## [Work instructions]
Among the lines below, a stretch begins at the one with "タイ北部の伝統的なジャスミン" and ends at the one with "І. Спишіть, уставляючи". Repeat that stretch exactly, ends included.

## [Records for the task]
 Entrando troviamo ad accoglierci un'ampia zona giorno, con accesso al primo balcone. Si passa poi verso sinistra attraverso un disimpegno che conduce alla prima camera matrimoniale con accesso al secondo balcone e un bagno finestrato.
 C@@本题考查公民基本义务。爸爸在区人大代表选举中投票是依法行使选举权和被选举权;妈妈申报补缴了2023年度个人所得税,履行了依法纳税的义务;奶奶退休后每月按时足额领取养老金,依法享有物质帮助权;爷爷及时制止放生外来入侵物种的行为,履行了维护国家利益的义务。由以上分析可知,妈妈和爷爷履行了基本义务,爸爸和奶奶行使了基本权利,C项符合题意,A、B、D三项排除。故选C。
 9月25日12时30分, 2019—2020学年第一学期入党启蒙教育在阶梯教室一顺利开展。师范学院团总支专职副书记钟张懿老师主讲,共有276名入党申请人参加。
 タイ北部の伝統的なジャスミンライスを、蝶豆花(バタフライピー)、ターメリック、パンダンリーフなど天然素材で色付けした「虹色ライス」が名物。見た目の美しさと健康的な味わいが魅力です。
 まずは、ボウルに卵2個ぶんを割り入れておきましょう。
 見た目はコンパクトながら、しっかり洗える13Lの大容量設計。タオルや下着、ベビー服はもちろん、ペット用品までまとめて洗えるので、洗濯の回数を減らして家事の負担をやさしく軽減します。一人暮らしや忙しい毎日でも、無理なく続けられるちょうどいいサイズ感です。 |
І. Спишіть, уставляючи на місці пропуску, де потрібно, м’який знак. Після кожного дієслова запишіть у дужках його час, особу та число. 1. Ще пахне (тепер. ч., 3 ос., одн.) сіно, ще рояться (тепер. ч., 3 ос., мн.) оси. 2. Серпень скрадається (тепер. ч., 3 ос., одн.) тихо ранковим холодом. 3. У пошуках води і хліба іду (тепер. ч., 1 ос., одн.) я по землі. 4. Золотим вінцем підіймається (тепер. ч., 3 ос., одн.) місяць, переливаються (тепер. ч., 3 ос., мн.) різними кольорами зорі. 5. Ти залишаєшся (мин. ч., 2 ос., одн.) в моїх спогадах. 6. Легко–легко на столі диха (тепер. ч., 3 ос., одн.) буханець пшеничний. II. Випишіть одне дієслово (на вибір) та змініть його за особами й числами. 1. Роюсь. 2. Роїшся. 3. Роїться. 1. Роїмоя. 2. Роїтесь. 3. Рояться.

...

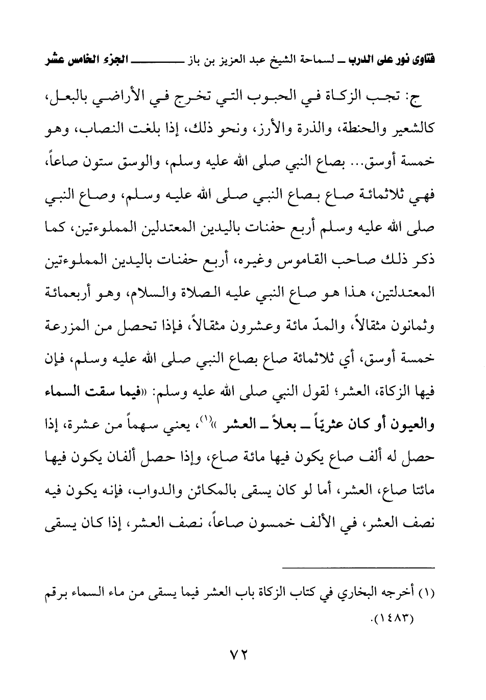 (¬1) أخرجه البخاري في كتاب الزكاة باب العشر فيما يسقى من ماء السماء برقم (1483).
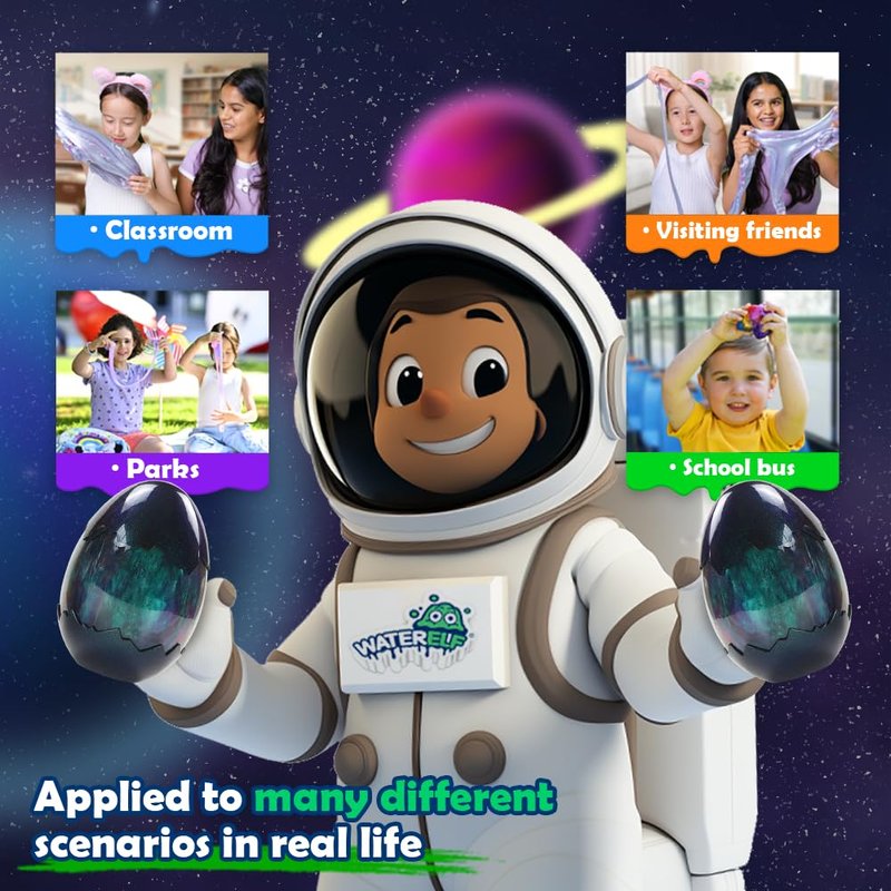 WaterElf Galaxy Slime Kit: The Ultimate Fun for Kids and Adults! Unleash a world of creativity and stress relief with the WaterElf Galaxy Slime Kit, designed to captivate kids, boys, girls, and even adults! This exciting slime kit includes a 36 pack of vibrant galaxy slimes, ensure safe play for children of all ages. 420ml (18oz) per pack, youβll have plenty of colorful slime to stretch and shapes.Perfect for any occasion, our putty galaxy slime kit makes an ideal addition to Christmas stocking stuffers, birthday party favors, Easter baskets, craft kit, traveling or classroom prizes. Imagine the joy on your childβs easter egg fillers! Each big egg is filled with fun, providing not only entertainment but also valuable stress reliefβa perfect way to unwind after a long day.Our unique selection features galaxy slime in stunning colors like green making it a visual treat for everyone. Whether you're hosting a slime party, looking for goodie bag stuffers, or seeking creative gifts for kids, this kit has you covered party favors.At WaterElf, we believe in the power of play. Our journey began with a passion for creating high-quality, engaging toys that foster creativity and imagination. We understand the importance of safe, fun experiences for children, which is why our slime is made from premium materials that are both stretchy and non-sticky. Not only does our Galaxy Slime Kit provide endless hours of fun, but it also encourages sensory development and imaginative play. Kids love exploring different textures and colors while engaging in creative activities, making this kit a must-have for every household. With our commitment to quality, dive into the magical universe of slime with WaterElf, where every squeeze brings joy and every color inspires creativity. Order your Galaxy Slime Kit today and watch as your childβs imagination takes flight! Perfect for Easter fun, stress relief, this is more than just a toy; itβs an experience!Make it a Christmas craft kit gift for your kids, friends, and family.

## [Response to this task]
 タイ北部の伝統的なジャスミンライスを、蝶豆花(バタフライピー)、ターメリック、パンダンリーフなど天然素材で色付けした「虹色ライス」が名物。見た目の美しさと健康的な味わいが魅力です。
 まずは、ボウルに卵2個ぶんを割り入れておきましょう。
 見た目はコンパクトながら、しっかり洗える13Lの大容量設計。タオルや下着、ベビー服はもちろん、ペット用品までまとめて洗えるので、洗濯の回数を減らして家事の負担をやさしく軽減します。一人暮らしや忙しい毎日でも、無理なく続けられるちょうどいいサイズ感です。 |
І. Спишіть, уставляючи на місці пропуску, де потрібно, м’який знак. Після кожного дієслова запишіть у дужках його час, особу та число. 1. Ще пахне (тепер. ч., 3 ос., одн.) сіно, ще рояться (тепер. ч., 3 ос., мн.) оси. 2. Серпень скрадається (тепер. ч., 3 ос., одн.) тихо ранковим холодом. 3. У пошуках води і хліба іду (тепер. ч., 1 ос., одн.) я по землі. 4. Золотим вінцем підіймається (тепер. ч., 3 ос., одн.) місяць, переливаються (тепер. ч., 3 ос., мн.) різними кольорами зорі. 5. Ти залишаєшся (мин. ч., 2 ос., одн.) в моїх спогадах. 6. Легко–легко на столі диха (тепер. ч., 3 ос., одн.) буханець пшеничний. II. Випишіть одне дієслово (на вибір) та змініть його за особами й числами. 1. Роюсь. 2. Роїшся. 3. Роїться. 1. Роїмоя. 2. Роїтесь. 3. Рояться.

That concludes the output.